- Location: Manitoba, Canada
- Nearest town: Bloodvein, Manitoba
- Coordinates: 51°30′0″N 95°31′0″W﻿ / ﻿51.50000°N 95.51667°W
- Area: 3,981 square kilometres (1,537 sq mi)
- Established: 1985
- Governing body: Government of Manitoba

= Atikaki Provincial Wilderness Park =

Provincial park in Manitoba, Canada

Atikaki Provincial Park is a wilderness park in Manitoba, Canada, located east of Lake Winnipeg along the Ontario boundary in the Canadian Shield. The area of Atikaki Provincial Park is 3981 sqkm. Atikaki Provincial Park is north of Nopiming Provincial Park and borders the Woodland Caribou Provincial Park in Ontario.

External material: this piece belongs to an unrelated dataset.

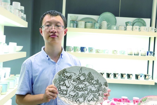 (泰鑫瓷业有限公司技术总监卢日高展示“会讲故事”的瓷器。)
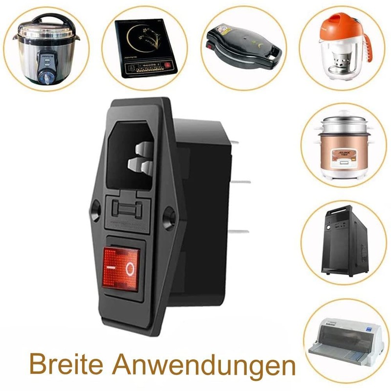 IEC Built-in Socket C14 with Red Switch 4-Pin Switch, 6 A/250 V, Fuse and Connection Cables, 3-Pin 220-250 V/10 A Audio IEC Socket Installation Coupling Plug Socket

Atikaki Provincial Wilderness Park was designated a provincial park by the Government of Manitoba in 1985. The park is considered to be a Class II protected area under the IUCN protected area management categories. It became part of the Pimachiowin Aki UNESCO World Heritage Site in 2018.

==Geography==
Most of the water of the park flows west to Lake Winnipeg. Although the vast majority of the park's land is located east of 95° 46' W, there are three very long thin corridors of parkland along streams that flow westward toward Lake Winnipeg. These streams are the Pigeon River, the Leyond River, and the Bloodvein River. The lakes and rivers are warmer than most rivers that are fed by cold mountain streams. The majority of the population north and east of the park are First Nations and the closest town is Bloodvein at the mouth of the Bloodvein River.

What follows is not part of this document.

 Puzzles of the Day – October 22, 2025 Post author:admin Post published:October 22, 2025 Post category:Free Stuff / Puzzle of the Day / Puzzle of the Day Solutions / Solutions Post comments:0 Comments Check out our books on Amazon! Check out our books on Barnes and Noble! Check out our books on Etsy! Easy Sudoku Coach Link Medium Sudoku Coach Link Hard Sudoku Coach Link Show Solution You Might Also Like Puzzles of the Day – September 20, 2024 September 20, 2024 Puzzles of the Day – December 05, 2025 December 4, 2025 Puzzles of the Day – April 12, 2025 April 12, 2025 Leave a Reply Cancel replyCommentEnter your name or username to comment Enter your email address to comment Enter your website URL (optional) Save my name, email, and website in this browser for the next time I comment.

Atikaki is home to wildlife such as moose, elk, black bears, loons, bald eagles, woodland caribou, and other creatures of the boreal forest. It is known mostly for its beautiful waterways, and is a popular destination for more adventurous canoe trippers. Most popular are the Bloodvein River, Gammon River, and the Sasaginnigak River.
There are several fly in fishing lodges in the area.

Atikaki Park was initially to become a National Park but ended up as a Provincial Park. The park was partially mapped out by Marc Wermager.
No logging roads, logging areas, or major developments are allowed in the park.